Gout patients were categorized by the presence of CKD at index date as defined by an indication of moderate/severe chronic kidney disease (based on laboratory values and using the CKD-EPI creatinine equation to identify CKD ≥ 3 [37], or a diagnosis or claim for chronic renal failure, kidney transplantation, or dialysis.

Measures

Demographic variables such as age, sex were collected at index date. Age was assessed continuously and by groups < 55 and 55+ years as quality of gout healthcare management has been shown to decrease with older ages [13]. Socio-economic status (SES) (low, medium, high, or missing) is an area-level score calculated based on current or last place of residence thus it likely reflects the patient’s SES at the end of follow-up. Misclassification of SES as a result of this definition is considered minimal as SES is considered to be stable during the non-critical 5-year period of adulthood in comparison to potential shifts during one’s early life course [38]. In addition, the use of the latter SES indicator, as an adjustment for the confounding effect on resource utilization, is perhaps a better indicator of the cumulative influence of SES [39]. Individual-level SES data are not collected by any health plan in Israel due to Israeli law, therefore SES scores derived by the Israel Central Bureau of Statistics and based on small statistical areas were used [40, 41].

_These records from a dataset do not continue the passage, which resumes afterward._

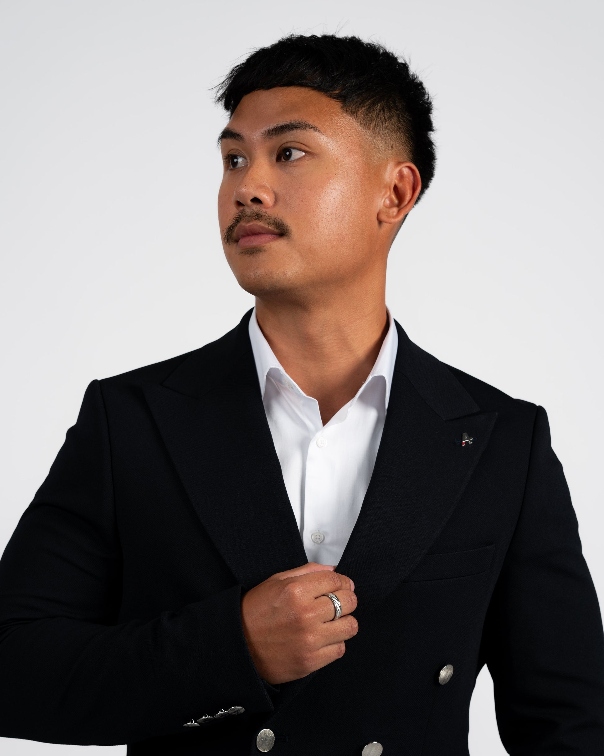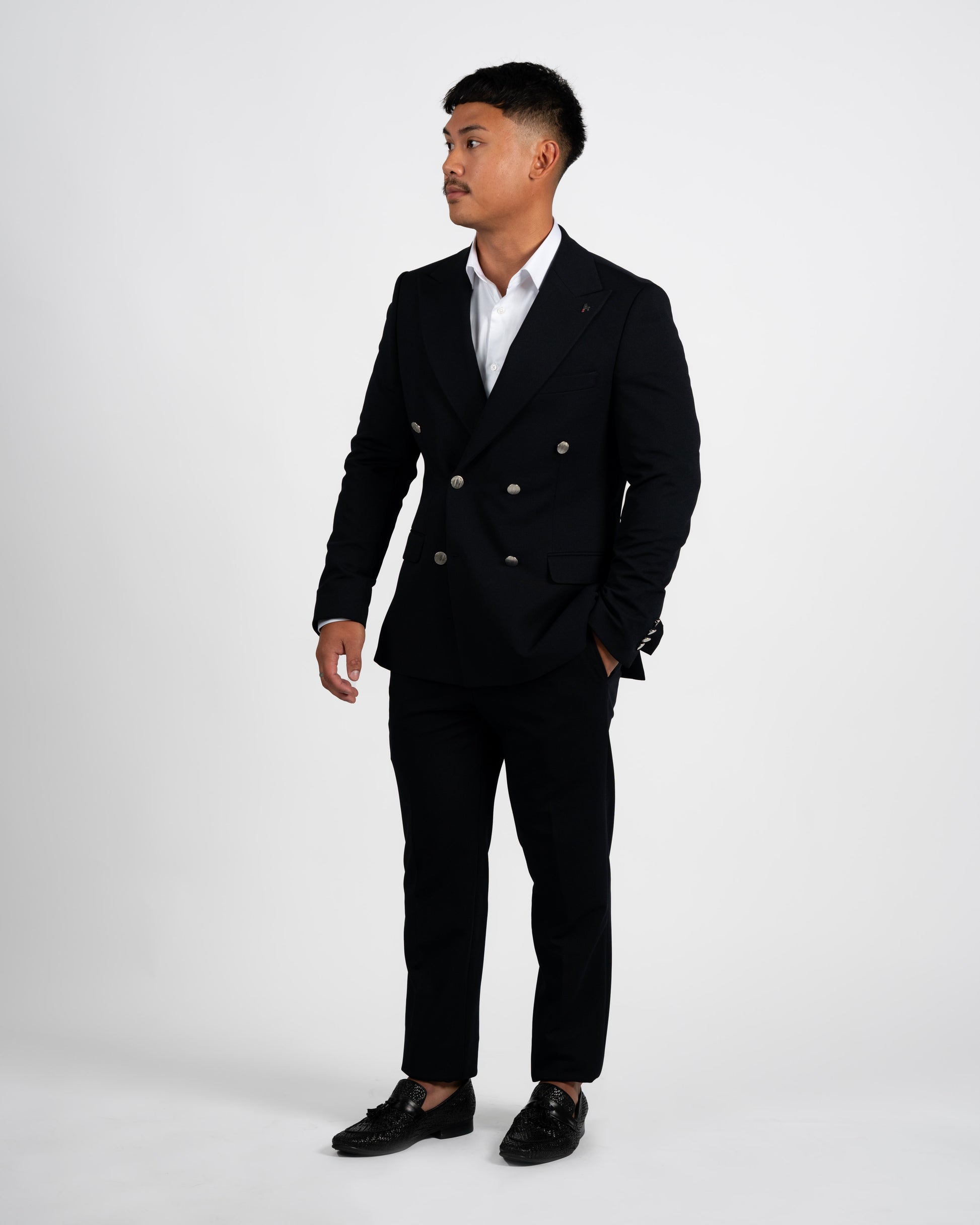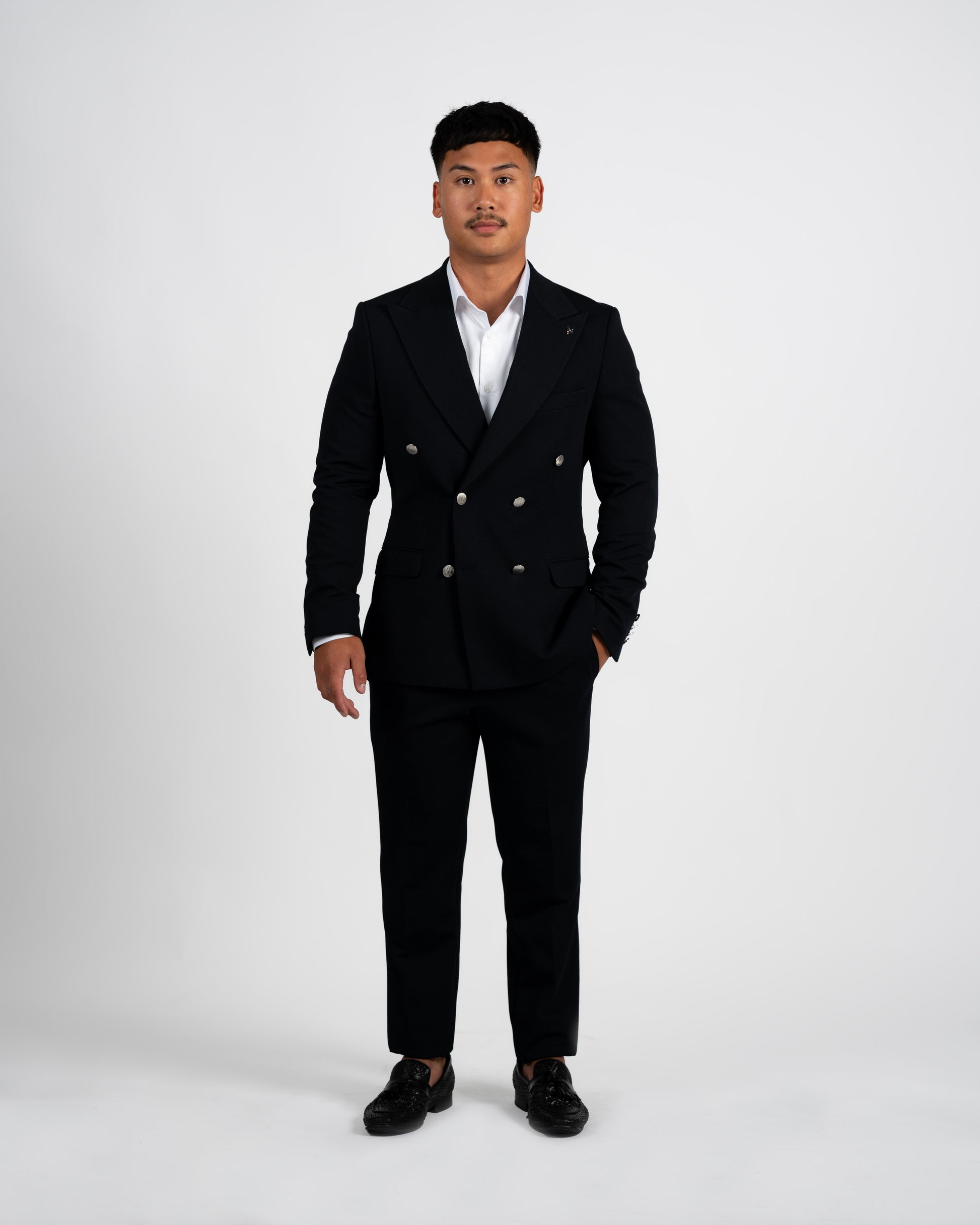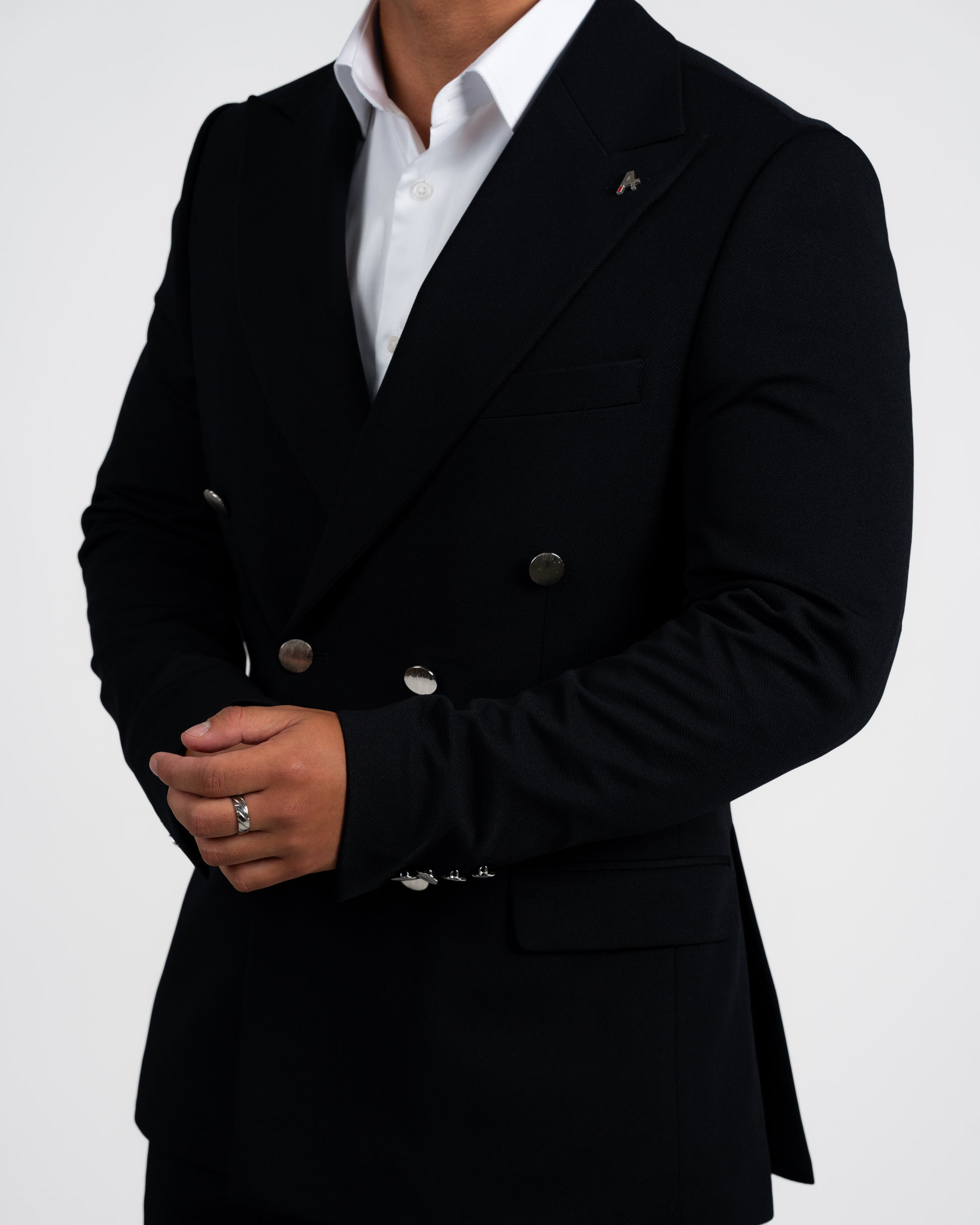 Refined and timeless, this navy double-breasted 2-piece suit is designed for the modern gentleman who values sophistication and style. The jacket features a double-breasted front with six buttons, broad peak lapels, and a tailored fit that creates a commanding silhouette. Paired with slim-fit trousers, this suit offers a perfect balance of contemporary elegance and traditional charm. Made from premium, durable fabric, it provides comfort and a polished look, making it ideal for both formal occasions and business settings.
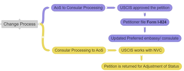 To change from AoS to Consular Processing, a petitioner must inform USCIS of the decision. File Form I-824, Application for Action on an Approved Application or Petition, to make the request for Consular Processing.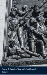 At the base of Nelson’s column, on the left-hand side of the bronze bas-relief which faces Whitehall and depicts the Battle of Trafalgar, there is depicted a black sailor armed with a musket. Along with a neighbouring Royal Marine who is taking aim, and another sharp-eyed sailor pointing aloft, he appears focussed on returning fire at the unseen sniper who has just felled Nelson (Fig. 1). Naval Review readers may be familiar with this figure, but the general public is probably not. He was highlighted as part of our nation’s ‘forgotten history’ by historian David Olusoga in his book ‘Black and British’1Olusoga, D. (2016) Black and British. A Forgotten History. London: Pan Macmillan. and in his associated BBC TV series of 2016. The figure was also mentioned by journalist Afua Hirsch in a 2017 Guardian article in which she advocated removal of the monument for Nelson’s alleged sin of ‘white supremacy’.2https://www.theguardian.com/commentisfree/2017/aug/22/topplingstatues-nelsons-column-should-be-nextslavery In her article, Hirsch railed against the absence of context for the depiction: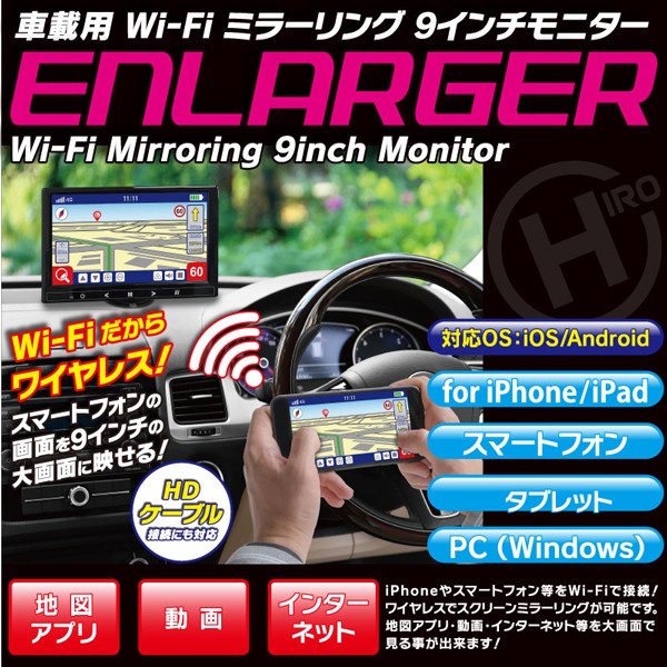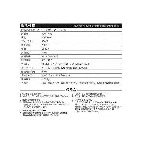 | 商品説明 | スマートフォンの画面を9インチの大画面に映せる! 地図アプリ・動画・インターネット等を大画面で見る。 HDMI入力端子、Mini-VGA入力端子を搭載 専用吸盤スタンドを付属 【仕様】 ・本体サイズ:約W225mm×H143mm×D24mm ・本体重量::約330g ・液晶パネル:TFTカラー液晶9インチ(16:9) ・解像度:横800×縦480 ・接続端子:AV・HDMI・VGA ・電源:DC12V ・対応OS:iOS8以上/Android4.4以上/Windows10以上 ・ネットワーク:Wi-Fi802.11b/g/n 2.4GHz ・通信可能距離:約5m 【付属品】 ・専用シガー電源 ・専用吸盤スタンド ・吸盤固定用台座プレート ・保証書付取扱説明書 【ご注意】 ※本製品はスマートフォン画面のミラーリング表示を行う物で、タッチパネル機能は搭載していません。 |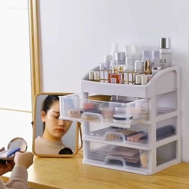 Name: Rak Kosmetik 3 Laci Small Makeup Storage Box Susun Kotak Organizer Multifungsi Desktop Storage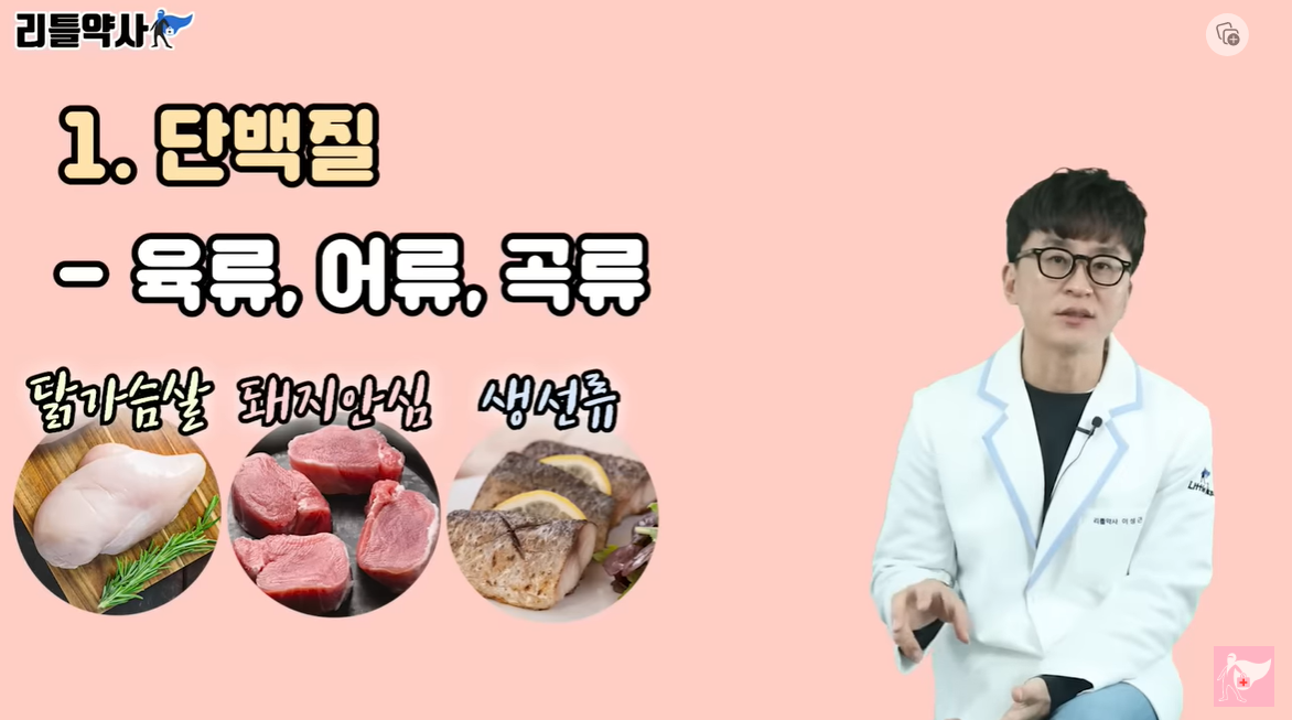 ✅ 첫 번째, 육류,어류,곡류의 3가지 단백질류를 골고루 섭취하셔야 합니다. ✅ 닭가슴살을 기본으로 해서 지방이 적은 돼지안심, 고등어와 삼치 같은 생선도 일주일에 한 번 섭취해 주시는 것이 도움이 됩니다. ✅ 여기에 식물성 단백질인 콩과 두부도 잊지말고 섭취해 주시길 바라겠습니다.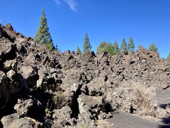 Im Nationalpark Teide ist es strikt verboten, mit dem Auto zu übernachten. Es gibt jedoch ein paar wenige Plätze unter der Verwaltung des Gabildo, der Inselregierung, wo gegen vorherige Anmeldung Übernachtungen möglich sind. Ich lade die hierfür nötige APP aufs Telefon und möchte einen Platz für 2 Nächte reservieren. Funktioniert nicht. Wir fahren trotzdem, manchmal registrieren die Ranger solche Gäste auch nachträglich. So jedenfalls haben wir es gehört.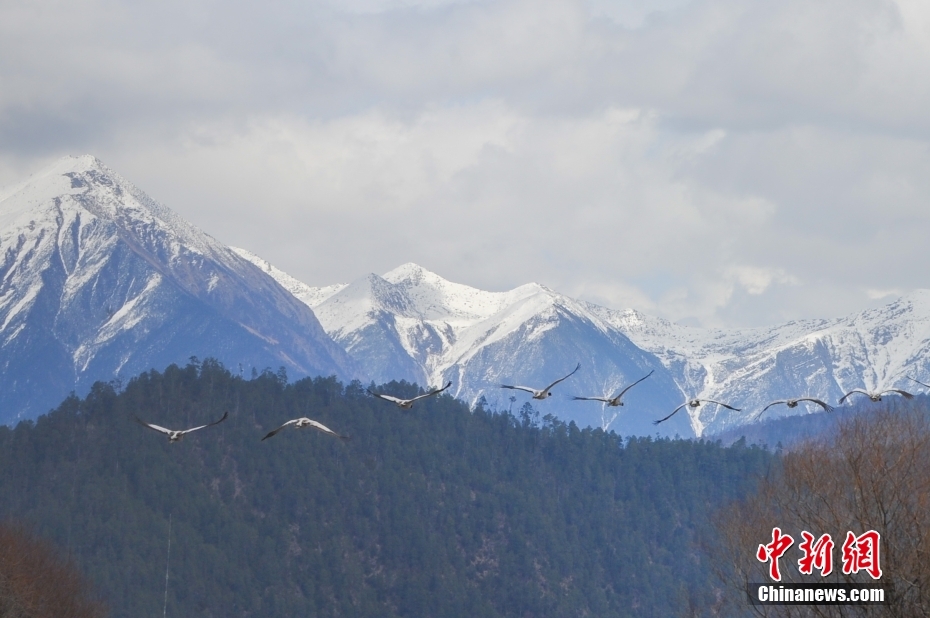 3月30日,在西藏林芝市巴宜區(qū)更章門巴民族鄉(xiāng),黑頸鶴與周邊的村莊、桃花、雪山融為一體,成為春日里的一道靚麗的風景線。圖為黑頸鶴在田間覓食嬉戲。 [詳細]
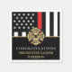 This design features a firemen's flag with black and white stripes, and a thin red line stripe as well. "Congratulations" and a fireman's badge sits above the name of the graduating or retiring firefighter, lieutenant, or chief. Celebrate in style!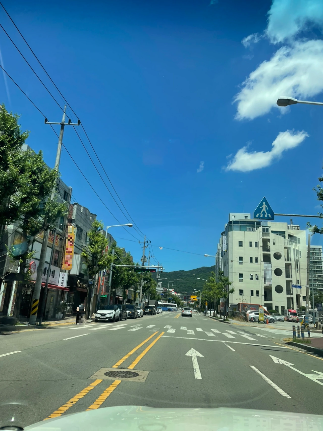 온갖 구름에 관심이 팔린 사이 앞차가 이상하다.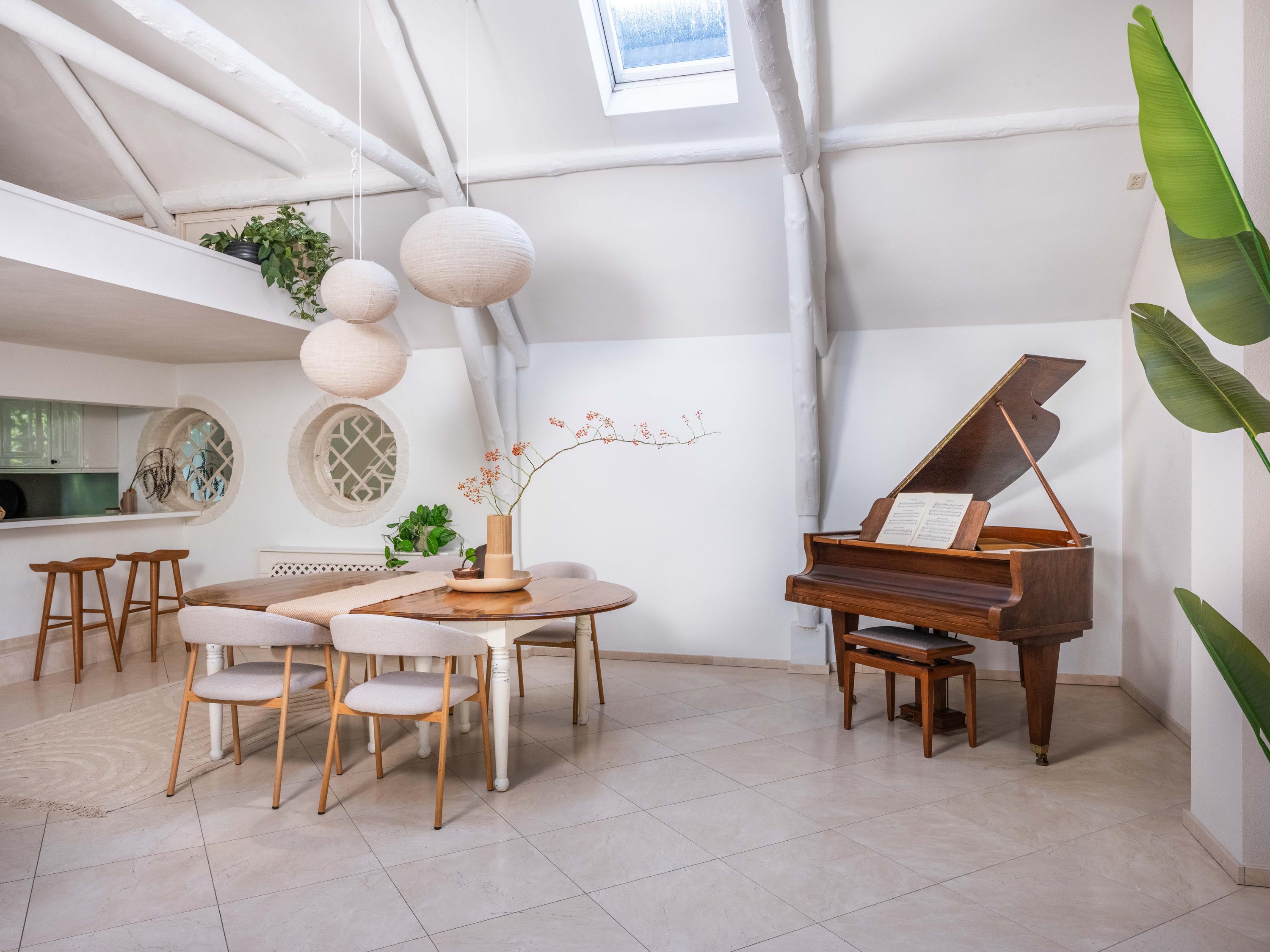 The spacious living room has a cozy gas fireplace (formerly fireplace) in the center of the room. The room is cozy with many authentic details. Think of the wooden beams in sight, a high ceiling up to the ridge and round stained-glass windows. At the back left we find the open kitchen with built-in appliances. From the kitchen we enter the utility room with the connection for the washer and dryer, the central heating system and a door to the outside.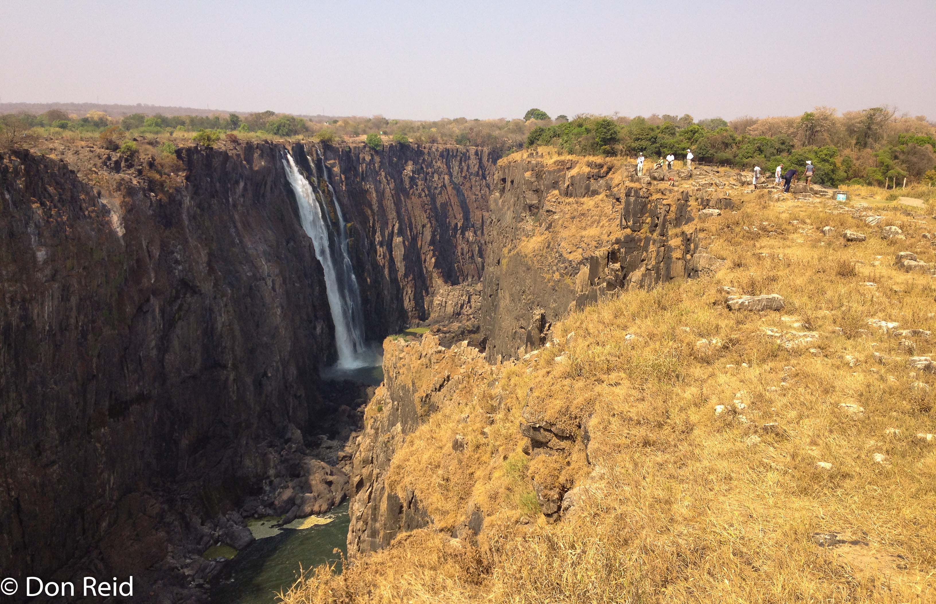 Some brave tourists (or foolish perhaps?) out for adventure on the Zambian side, were bathing in a pool on the edge of the falls – this can only be attempted in the low-water season for obvious reasons. This activity has claimed a few lives over the years.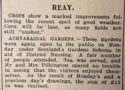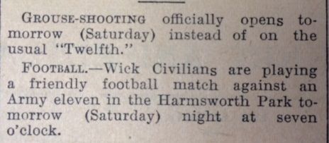 The John O’Groat Journal reported this week that grouse shooting would begin on Saturday 1 August and not on the more usual “Glorious Twelfth”. In the fields of Caithness haymaking was underway; the Reay District News said that, “Crops show a marked improvement following the recent spell of good weather. Corn will be late, as many fields are still ‘unshot’”.Wick Burgh Council agreed on 27 July to support the

Comorbid conditions at or prior to index date include cancer (ICD-9 140–208), cardiovascular disease (CVD) (ICD-9 410, 411, 413, 414, 429–434, 436, 438, V45.81/2, and coronary artery stent insertion and aortic bypass surgery procedures), diabetes (ICD-9 250), and hypertension (ICD-9 401–405) were identified using CHS algorithms [36, 42]. The Charlson Comorbidity Index (CCI) [43], was used to represent a weighted sum of multiple comorbid conditions predictive of higher resource utilization. Greater scores indicated a greater comorbid burden on the patient.

Clinical characteristics included smoking habits (current smoker, former smoker, and never smoker) and body mass index (BMI) (continuous and categorical coded according to the World Health Organization as: underweight [< 18.5 kg/m²], normal weight [18.5 to < 25.0 kg/m²], overweight [25.0 to < 30.0 kg/m²], obese [≥ 30.0 kg/m²], or missing).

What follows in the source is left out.